ガエル記

本・映画備忘録と「思うこと」の記録

「10月はたそがれの国」レイ・ブラッドベリ

2018-09-13 05:23:27 | 小説


「ウは宇宙船のウ」「火星年代記」「何かが道をやってくる」「華氏四五一度」ブラッドベリで読んだ本は数あれど一番繰り返し読んだ一冊と言うと「10月はたそがれの国」でありますね。
その中でも特に印象深いのが「集会」という一編です。



以下、内容に触れますので、ご注意を。



万聖節の宵祭(イヴ)に魔物や魔法使いの集会がある、というお話です。
皆がその準備に追われている時、主人公のティモシーは一人手持無沙汰で怯えています。彼は魔物一族の中の変わり者です。闇が怖く空を飛ぶことも魔法を使うこともできず臆病で体も心も繊細過ぎるという悩みをもっている14歳の少年なのです。
それに比べ妹のシシーは自分の魂を自由に飛ばし人の体を操る力を持つ優れた魔法使いなのでした。

集会のために毒キノコや毒蜘蛛、トリカブトをたくさん用意するというエピソードや黒ミサを行い逆祈祷を捧げるという言葉が楽し気に語られるのが面白い。ネズミに姿を変えている女性、けむくじゃらのおじさん。皆はそれぞれティモシーに同情したり馬鹿にしたり憐れんだりする。そして素晴らしく背の高い翼のあるエナー叔父さんはそんなティモシーに飛ぶ喜びをしばし与えてくれた。

世界中から集まる魔物一族の集会が軽やかに描写されていく中で、魔物の異端児であるティモシーの悲しさは切ないものです。
エナー叔父はティモシーに語りかけます。
「腹を立てるんじゃないよ。みんなそれぞれの生き方がある。この世はわれわれにとって死んでいる。いちばん少ない生き方をするものがいちばん豊富に生きることになるんだ。価値が少ないなんて考えるんじゃないよ、ティモシー」

少し端折りましたのでぜひ本で確かめてください。

またこのお話は萩尾望都氏が短編集「ウは宇宙船のウ」でマンガ化されてます。シシーがティモシーを操る場面などはブラッドベリを凌ぐ素晴らしさがあります。

ブラッドベリのお話は幻想的で甘いセンチメンタリズムであふれていますが、やはりそれは人々の心に残り刺激するものなのでしょうか。
多くの人々の映画や小説などに影響を与えています。

昔、野田秀樹脚本演出、萩尾望都原作「半神」を見たのですが、「半神」が原作なのにブラッドベリ「霧笛」のセリフがいちばんのツボになっているのがおかしかったものです。
これは絶対萩尾望都著「ウは宇宙船のウ」に収録されている「霧笛」からの引用なのでしょうけど、それってブラッドベリですしー、と心でつぶやいてました。
どこかでちゃんと記載されてはいたのでしょう、かね?
とにかくそのくらいブラッドベリのイメージの凄さは人の心を鷲掴みにするのだと思うのです。

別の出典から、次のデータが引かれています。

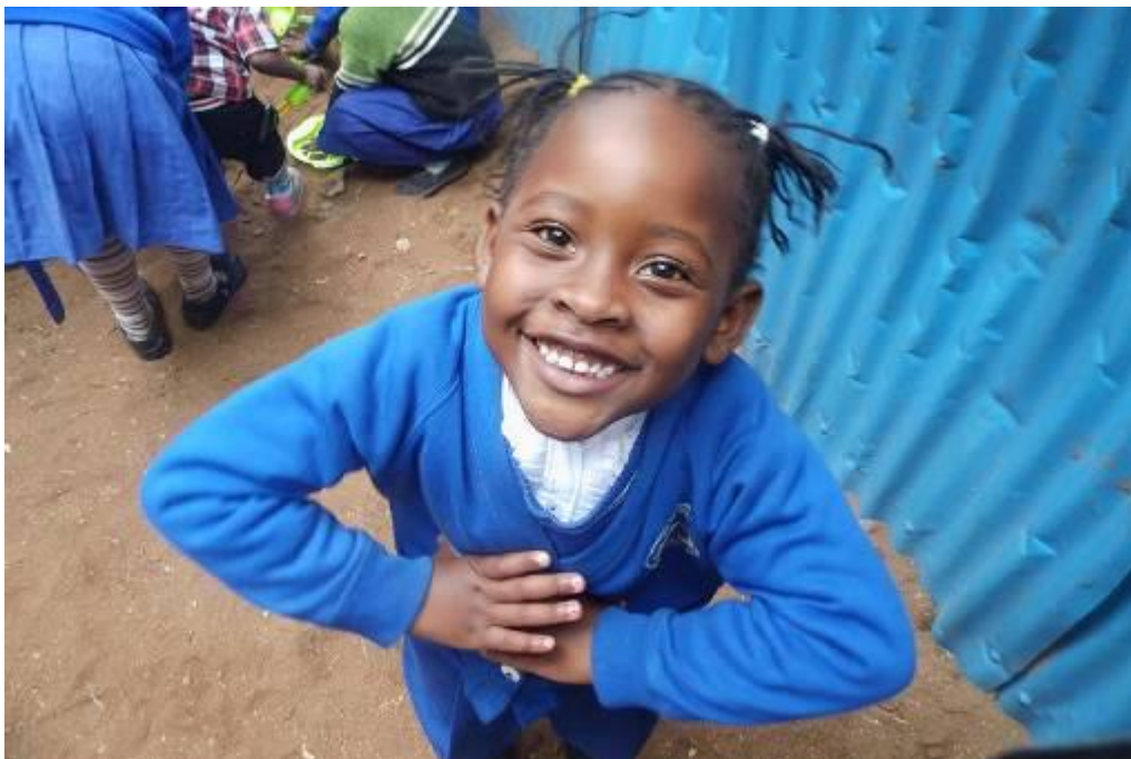
En hier word je blij van!

Ook zijn er studenten in Kenia actief op de school. Zij komen als voorbeeld op de school om te laten zien aan deze kinderen dat je los van je achtergrond dat kunt bereiken dat je graag wilt als je hard werkt. Heel mooi om te zien!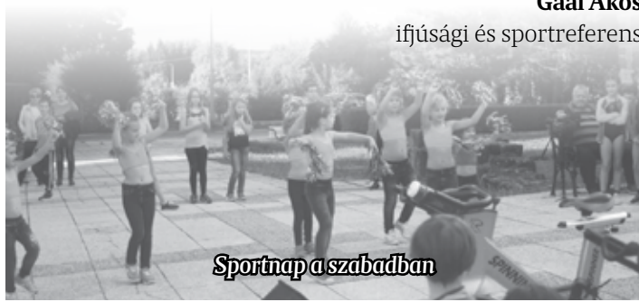
Sportnap a szabadban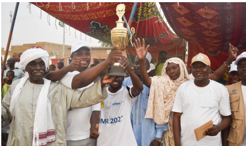
Les réfugiés ont remporté le match de football contre les Tchadiens lors de la Journée mondiale du réfugié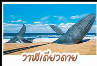
วาฬยัดขวิดตาย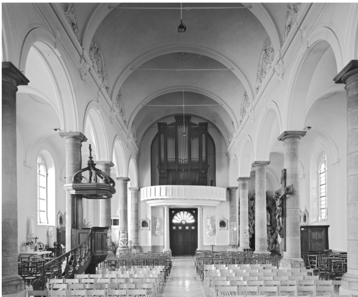
Vue générale intérieure vers l'entrée.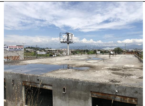
Imagen N°4: Vista de una de las edificaciones construidas en los últimos 5 años sin los permisos correspondientes.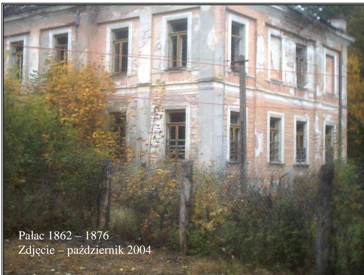
Pałac 1862 – 1876 Zdjęcie – październik 2004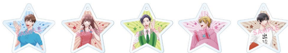
アクリルキーホルダーのイメージ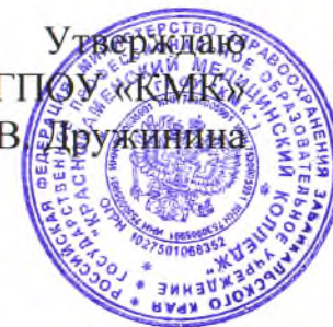
График промежуточной аттестации (экзаменов) в период летней сессии 2017 – 2018 учебного года

Сестринское дело базовая подготовка очная форма обучения специальность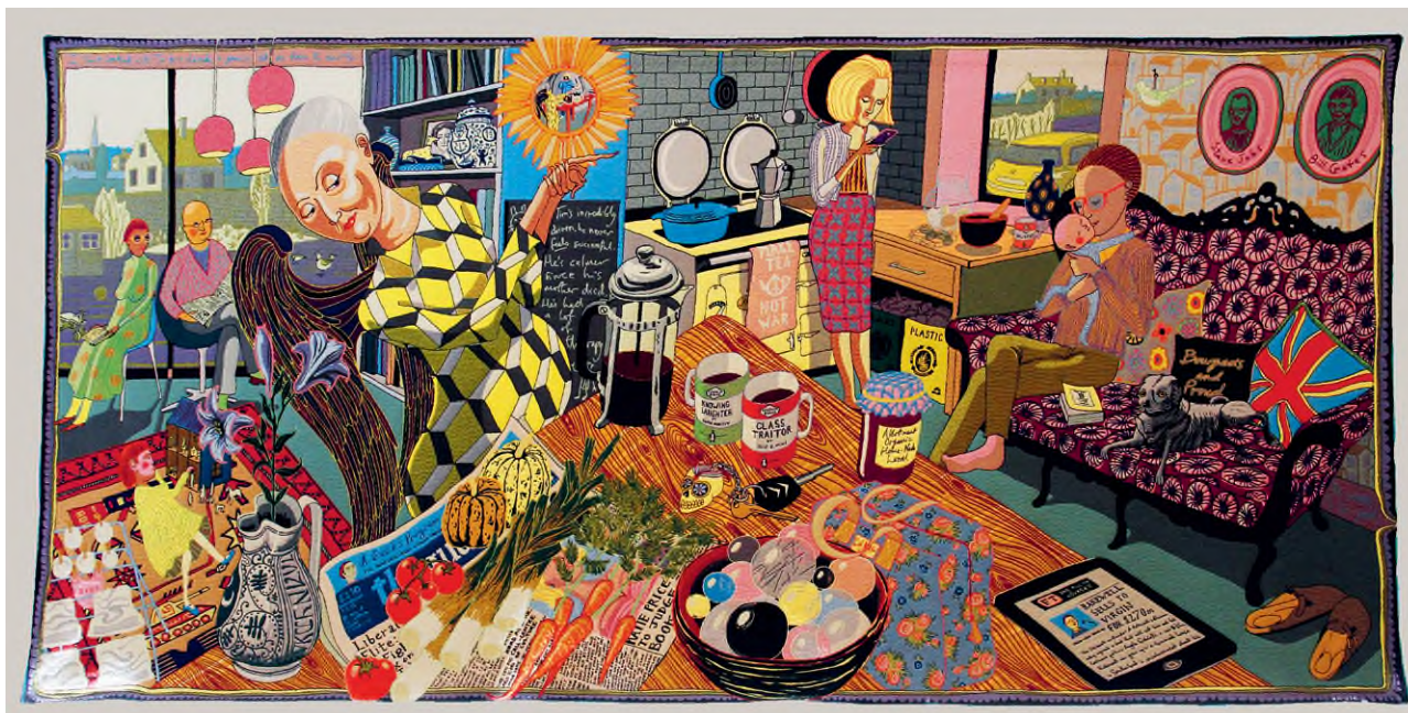
Grayson Perry: The Annunciation of the Virgin Deal (Angyali üdvözet, avagy a szeplőtelen üzlet), 2012, gyapjú, pamut, akril, poliészter és selyemkárpit, 200 x 400 cm, Arts Council Collection, London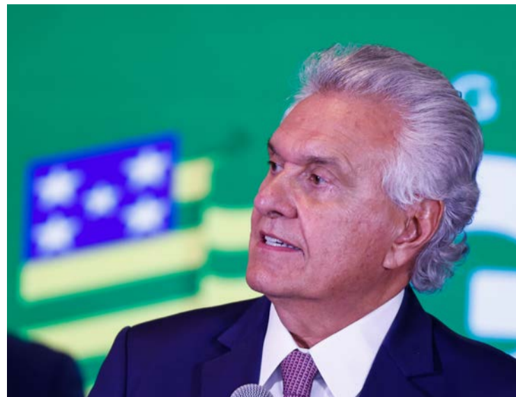
Caiado volta a cobrar esclarecimentos de Flávio sobre Banco Master

Ex-governador defende que cada um responda pelos questionamentos que surgirem na campanha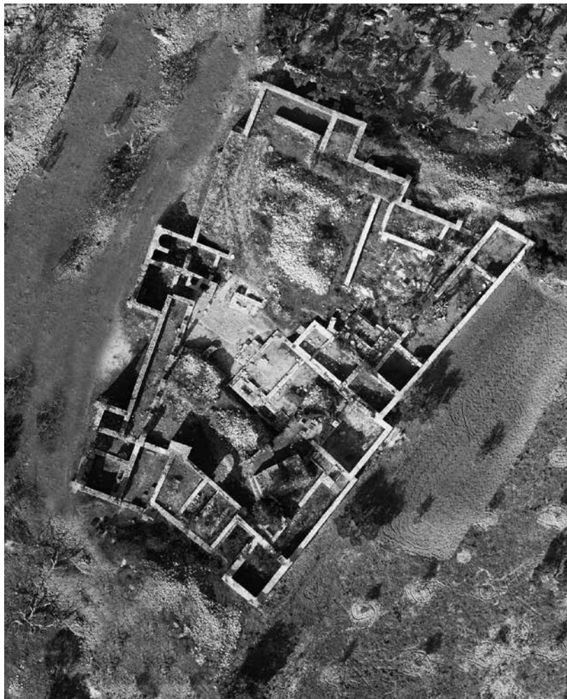
Fotogrametrijski 3D snimak lokaliteta na Mirju

najveći broj fragmenata pluteja i dijelova oltarne pregrade koja se datira u 6. st. Proporcije ove građevine (6:15,7 m) odgovaraju proporcijama jednobrodne crkve u Lovrečini kod Postira (6,7:17,6 m), koja je uz baziliku u Postirama, u susjedstvu kasnoantičkog sklopa podignutog na Mirju. Motivi i klesarska obrada pluteja pripadaju istom vremenu i kulturnom krugu, posebno križevi, motivi ljuski, kose rešetke i Korboden motiv. Iako dosadašnja istraživanja nisu potvrdila da se radi o crkvi, središnji položaj ove građevine i gustoća nalaza kamenog namještaja ukazuju upravo na njenu sakralnu namjenu.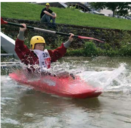
Viel Spass beim Rutschen ins Wasser.

Es ist Samstag, 9. Juni 2018, 9 Uhr. Die Kinder und die Leiter treffen langsam im Letten ein: Die Jugendgruppe des WVZ fährt nach Hüningen bei Basel – ein Event, das man nicht verschlafen möchte. Der Vereinsbus ist randvoll mit Material, jeder Sitzplatz ist belegt. Zwei zusätzliche Autos stehen bereit, um die Horde von dreizehn Jugendlichen mitzunehmen. Endlich am Kanal in Hüningen ist die Vorfriede riesig. Nach zweimal zwei Stunden Kehrwasserfahren, Surfen, Rollen und Schwimmen im Kanal ist dann Schluss. Der angekündigte Regen setzt erst bei der Abfahrt in Richtung Zürich ein. Fazit: Ein gelungener Anlass, an dem viele beim nächsten Mal wieder teilnehmen werden.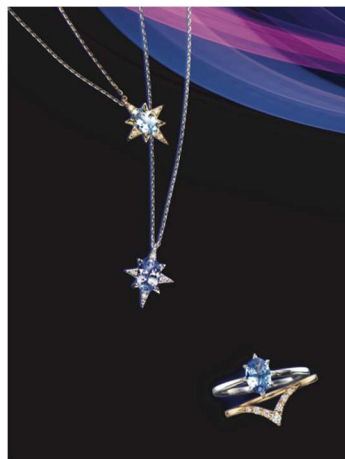
K18YG アクアマリン/ダイヤモンドネックレス ¥46,000 K18WG タンザナイト/ダイヤモンドネックレス ¥50,000 K18WG/YG タンザナイト/ ダイヤモンド セットリング ¥95,000 【すべてスペシャルパッケージ付き】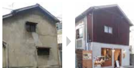
改修イメージ(改修前→改修後)

空家の利活用を予定されている方に、住宅の性能向上や、こども食堂・高齢者サロンといった地域まちづくりのための用途に改修する費用等の一部を補助します。補助内容など、詳しくはHPをご覧ください。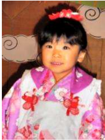
おすまして、パチリ！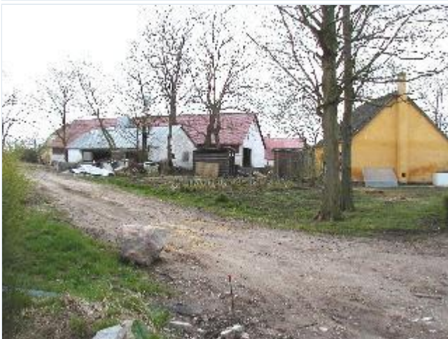
Foto: 4. Den sydøstlige gård i landsbyen (Marupvej 14) og gadehus, fra nord Stort billede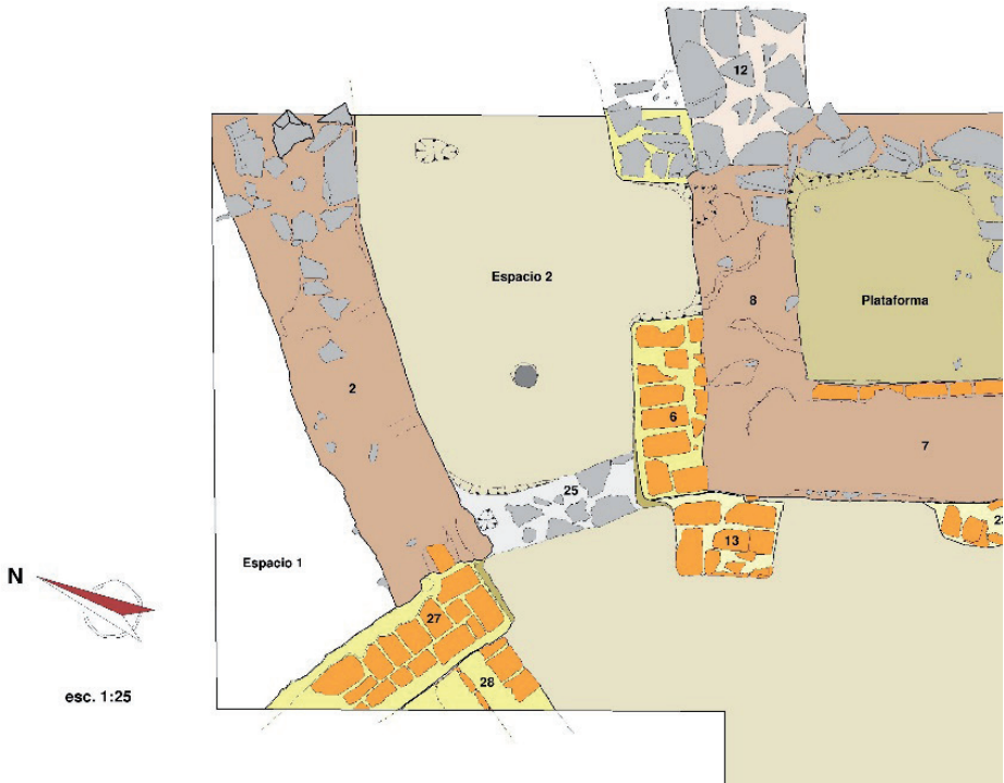
Figura 11. Planimetría del sondeo 1 del yacimiento de Fum Asaca (ST-J1) donde se observan algunos restos constructivos correspondientes a la torre de San Miguel de Asaca. Dibujo: Miguel Ángel Hervás Herrera.

la ausencia de reconstrucciones o reocupaciones del edificio. Al mismo momento corresponde, sin duda, el tramo de la cerca perimetral de tapial, reforzada con rafas de mampostería, localizado en el Sondeo 2 (Figura 12). Constituida por un muro de un metro de anchura, dicha cerca aparece antecedida, en algunos sectores del yacimiento, por un foso artificial excavado en el terreno. Por último, en el Sondeo 3 se identificaron estratos ricos en materiales pertenecientes a ese momento que hay que interpretar como productos de desecho.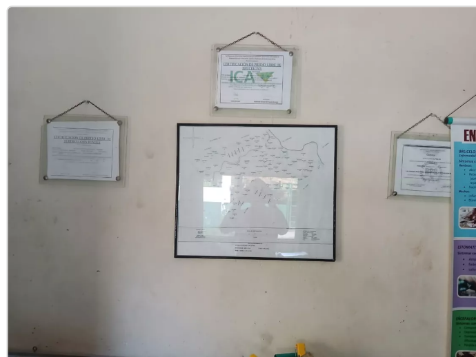
Figura 10. Imagen certificados y mapa de la finca.

En el momento el certificado de buenas prácticas ganaderas expedida por el ICA no se encuentra vigente hace tres años, pero si cuenta con los respectivos certificados de hato libre de brucelosis y enfermedades de control nacional expedido por él ICA, por otro lado, tiene las acreditaciones que entrega Colanta a sus proveedores de leche, en estas visitas a parte de verificar las buenas practicas ganaderas hacer algunos análisis a la calidad de la leche y pruebas a la salud de los animales, estas visitas se hace cada año y en algunas ocasiones se hacen revisiones periódicas de prevención.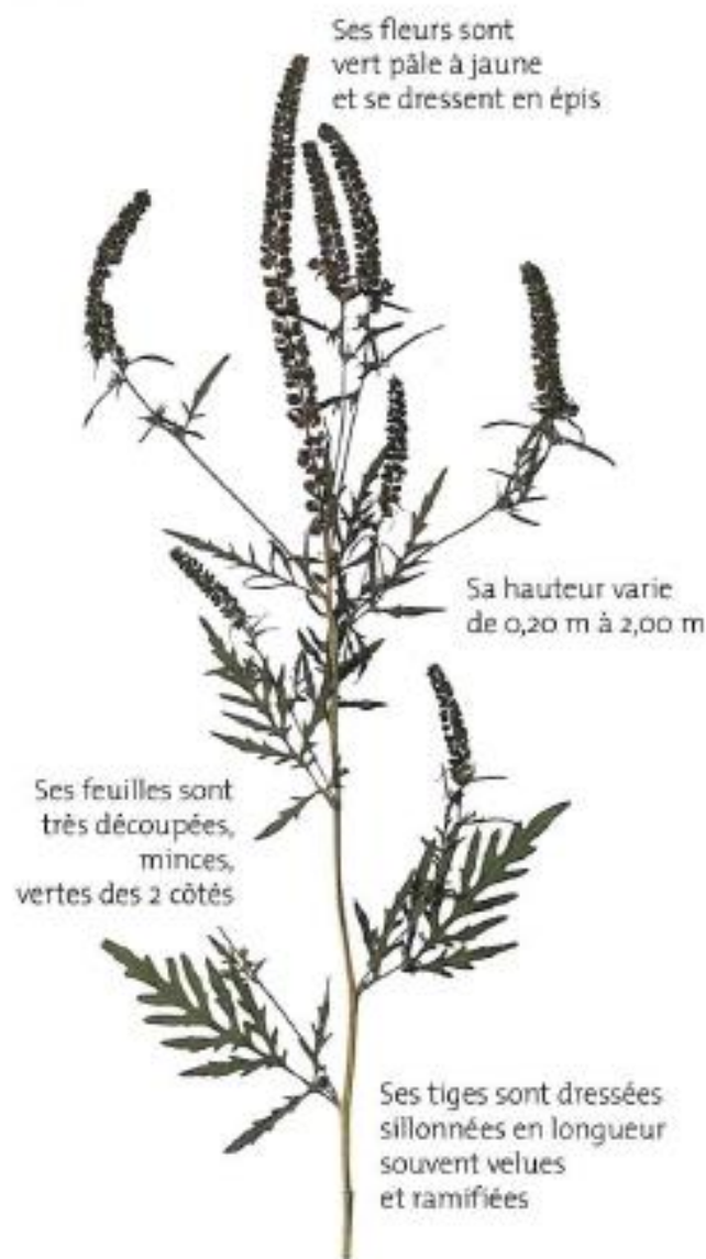
AMBROISIE EN FLEUR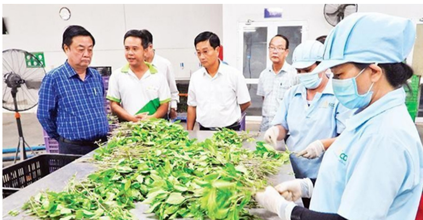
Ông Lê Minh Hoan - Bộ trưởng Bộ Nông nghiệp và Phát triển nông thôn khảo sát quá trình sản xuất rau sạch tại các trang trại rau sạch ở huyện Củ Chi, TP. HCM

Bộ NN&PTNT cũng yêu cầu các đơn vị chủ động, tích cực đẩy mạnh thông tin, truyền thông tuyên truyền về bảo đảm an ninh, ATTP trong lĩnh vực nông nghiệp; Cung cấp thông tin, dịch vụ tư vấn, hỗ trợ pháp luật về bảo đảm an ninh, ATTP nông, lâm, thủy sản; kịp thời thông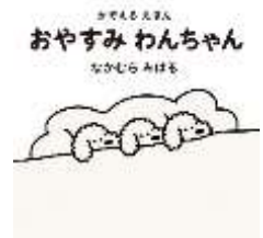
『かぞえるえほん おやすみわんちゃん』 なかむらみはる/作 偕成社より

ねんねの じかん。おふとんの なかの わんちゃんが ふえていくよ。じゅんばんに かぞえて、1わんこ 2わんこ…。 (由)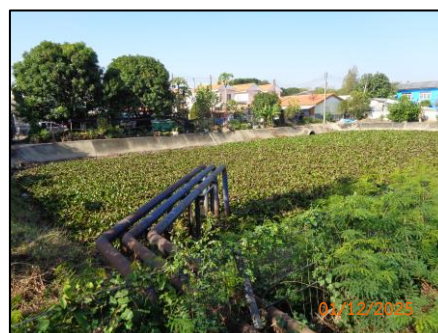
บ่อน้ำฝน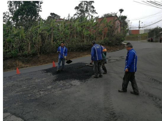
Imagen 7 Colocación de MAC en la salida de Lomas de Cabeara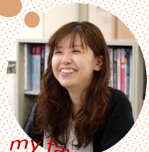
my favorite book

私のおすすめは、「栄養まるごと10割レシピ!」という料理・レシピ本です。忙しく働いて帰ってご飯を作るのが面倒くさい!と、おかずの作り置きをしたり、食材を冷凍したり、調理しやすいカット野菜を購入したりする方、たくさんいらっしゃるのではないかと思います。この本は、加熱しすぎ、時間をかけすぎ、空気に触れすぎ、大事な部分を捨てすぎによって、いかに食材の栄養が失われてしまうか(例えばカットトマトはまるごとより酸化が5倍も早い、切れない包丁は栄養が1/2にダウン!など)、また、栄養を手間なく無駄なく取るにはどのような調理法が適しているかを紹介している本です。レシピも多数掲載されています。“こういう調理をしていると、せっかくの栄養が食べる頃には0%減少してしまう”という話がありにもたくさん載っているので、普段の自分の料理の仕方では、かなりの栄養がロスしているのでは?と恐怖を覚えました。皆様も、一度振り返ってみてはいかがでしょうか。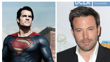
新超人(左)说期待和小本合作。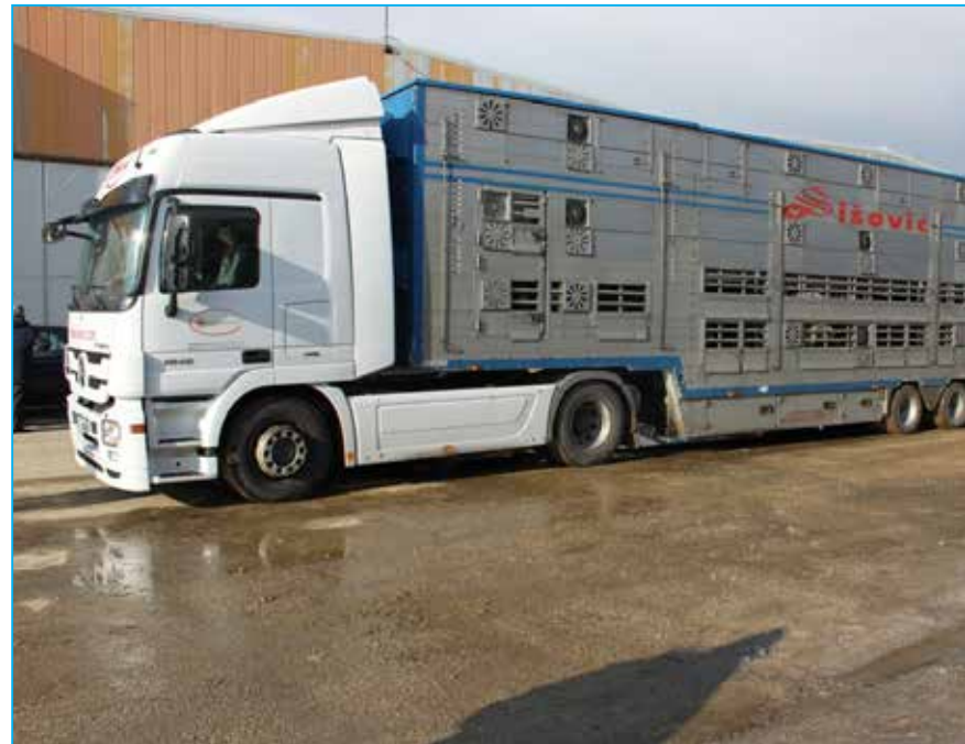
Dolazak krava na farmu...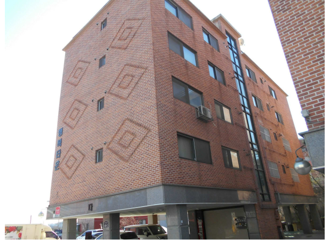
본건 전경2(북서측 인근에서 촬영)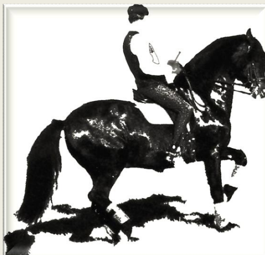
Gringo, étalon espagnol

「10月はたそがれの国」収録中、「アンクル・エナー」も楽しいです。「集会」のエナー叔父さん?空飛ぶお父さんのお話です。
「びっくり箱」萩尾氏は主人公を女の子に変更してマンガ化されてます。確かに女の子の方が良いようにも思えます。それにしても凄い発想です。これから触発されたアメリカの映画もありました。

「つぎの番」ほんとうになんでしょう、この奇妙感は、とつくづく思います。やはりあそこに入れられたわけですね。皮肉だなあ、とつくづく。